Entretanto, Benny había revisado los archivos de la policía de Nueva York y había recopilado un sólido paquete de informaciones sobre Albert Merriman. En 1963, se le había dado de baja en el ejército de Estados Unidos, y dos años más tarde se había asociado a un viejo amigo, Willie Leonard, un atracador de bancos que acababa de salir de la prisión de alta seguridad de Atlanta. Merriman y Leonard hicieron de las suyas y se les buscaba por atracos a bancos, asesinato, intento de asesinato y extorsión en una media docena de Estados. También se rumoreaba que habían dado unos cuantos golpes para las familias del crimen organizado en Nueva Jersey y Nueva Inglaterra.

El 22 de diciembre de 1967, en el interior de un coche en el Bronx, se encontró un cuerpo que fue identificado como el de Albert Merriman, acribillado a disparos y carbonizado más allá de todo posible reconocimiento.

– Parece una historia de la Mafia -dijo Benny.

– ¿Qué pasó con Willie Leonard? -preguntó McVey.

– Aún se le busca -dijo Benny.

– ¿Cómo fue identificado el cadáver de Merriman?

– No lo dice el informe. Tal vez no lo sepas, chico, pero no se suele conservar mucha información sobre los muertos. No hay dinero para pagar los sótanos de archivo.
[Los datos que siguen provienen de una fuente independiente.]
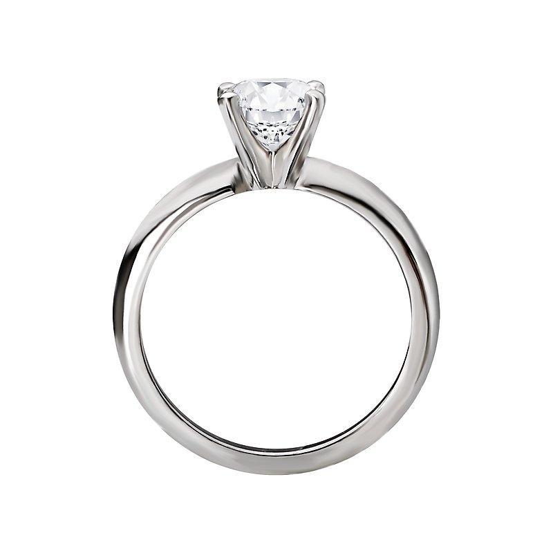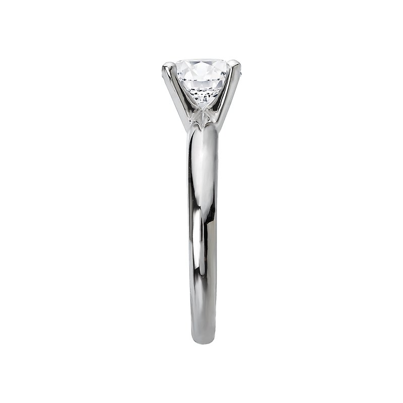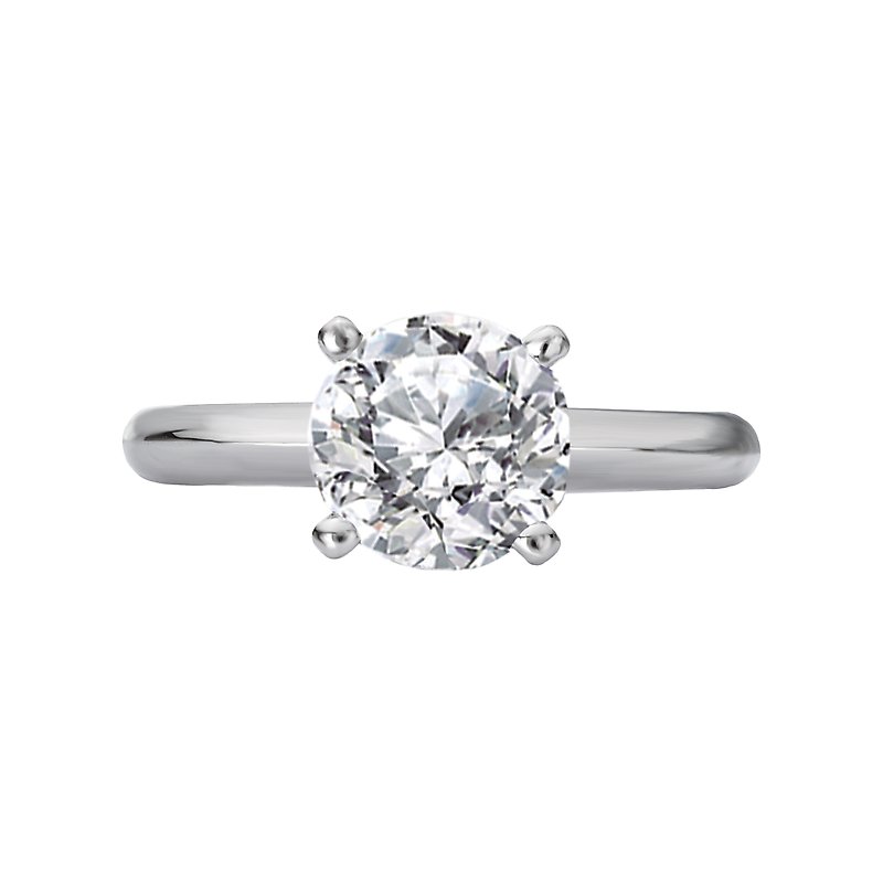Classic semi-mount solitaire diamond ring features a 14kt white gold high polished band with a gorgeous 4 prong knife edge center setting that will accommodate a 7.8mm round diamond.

– ¿Se sabe algo sobre quién reclamó el cadáver?

– Eso sí lo dice. Espera un momento, -McVey oía el roce de los papeles mientras Grossman buscaba en sus notas-. Aquí está. Al parecer, el tipo no tenía familia. El cuerpo fue reclamado por una mujer que aparece aquí como una amiga del instituto, Agnés Demblon.

– ¿Dirección?

– Nooo.

McVey escribió el nombre de Agnés Demblon en el anverso de su tarjeta de embarque y se lo metió en el bolsillo de la chaqueta.

– ¿Alguna idea de dónde está enterrado Merriman?

– No.

– Y bien, te apuesto diez a uno que si encuentras la tumba, descubrirás que el difunto es Willie Leonard.

McVey oyó en la distancia que llamaban a embarcar para su vuelo. Asombrado, le agradeció a Benny, le dijo que volviera a su juego de bridge y se dispuso a colgar.

– ¡McVey!

– ¿Si?

– Este archivo de Merriman no ha sido tocado en veintiséis años.

– ¿Y qué?

– Soy la segunda persona que lo ha pedido en las últimas veinticuatro horas.

– ¿Qué dices?

– Ayer lo pidieron de Interpol, Washington. Un sargento de Archivos e Información sacó la carpeta y les envió todo por fax.